El nuevo sistema no podrá ser el propugnado por esos ejecutivos de la rapiña, sino que será un sistema con las suficientes reglas y, sobre todo, reglas que se cumplan, como para que pueda restablecerse la confianza a nivel mundial y se mantenga la supervivencia de las actuales sociedades.
Para crear y mantener la confianza hace falta reciprocidad, transparencia y credibilidad entre las partes. Cuando esto no se produce, sólo puede generarse la confianza si los poderes públicos se encargan de que se cumplan las reglas y de que estas reglas sean equitativas para las partes.
Los estados han de encargarse de que los coches se detengan ante los semáforos en verde, y de que, si se produce algún atropello, los conductores sean juzgados. Si no me fío de que mi dinero esté seguro en un banco, el estado deberá obligar a los bancos a ciertos coeficientes de liquidez. Si voy a invertir en la bolsa, los productos bursátiles deberán estar como los alimenticios en los supermercados, indicando la composición del producto, los ingredientes y sus porcentajes, y la fecha de caducidad, de manera que no puedan colarse las hipotecas subprime en distintos paquetes con etiquetas respetables.

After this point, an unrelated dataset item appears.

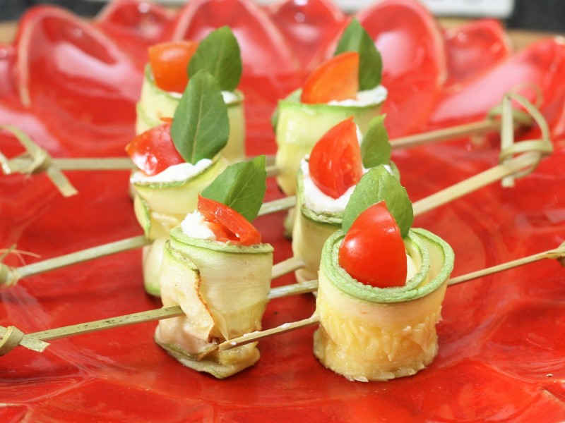 A Abobrinha é versátil, de baixa caloria e permite uma grande variação de preparo. Selada no azeite, recheada com Cream Cheese e decorada com tomate cereja e manjericão ficou divina!

Si las administraciones de los países desarrollados no se fían de los productos de consumo y han exigido un detalle exhaustivo del producto que se compra, ¿por qué no puede hacerse lo mismo con los productos financieros o con la bolsa de valores? Quizá el tremendo poder desarrollado por los centros financieros como Wall Street haya impedido que el rasero de medir sea distinto al de los productos de consumo.
Por otra parte, esta crisis ha demostrado que ningún país esta a salvo, y pese a las altas tasas de crecimiento de países como China, India o Brasil, estos no han podido evitar que la crisis les salpicara y en qué grado. Por lo tanto, hacen falta instituciones a nivel mundial que se encarguen de supervisar los productos financieros.
La confianza se pierde en segundos y tarda años en construirse. Ya hemos visto como la crisis ha tenido una aceleración desmesurada y la confianza cayó en picado, en primer lugar entre las propias instituciones bancarias. Si queremos que la reconstrucción de esa confianza no tarde años, habrá que tomar medidas con rapidez, y sólo medidas tomadas por un conjunto representativo de países puede soldar la brecha de confianza que se ha generado en el mundo económico en general.
1 comentario en «Perdimos la confianza»
Bueno, mientras lo leía, estaba yo pensando en el micromundo de cada empresa… Pensaba en grandes empresas, en esas en que los ejecutivos se enriquecen de forma desmesurada (porque el primer ejecutivo precisa quizá muchos cómplices), y luego puede saltar el escándalo (como en Enron), más o menos llamativo, en perjuicio de accionistas y trabajadores… Lástima que no podamos confiar siempre en los líderes, por mucho compromiso que se nos pida, por mucha doctrina y liturgia empresarial que se despliegue, y por muchos cursos de liderazgo que se orquesten.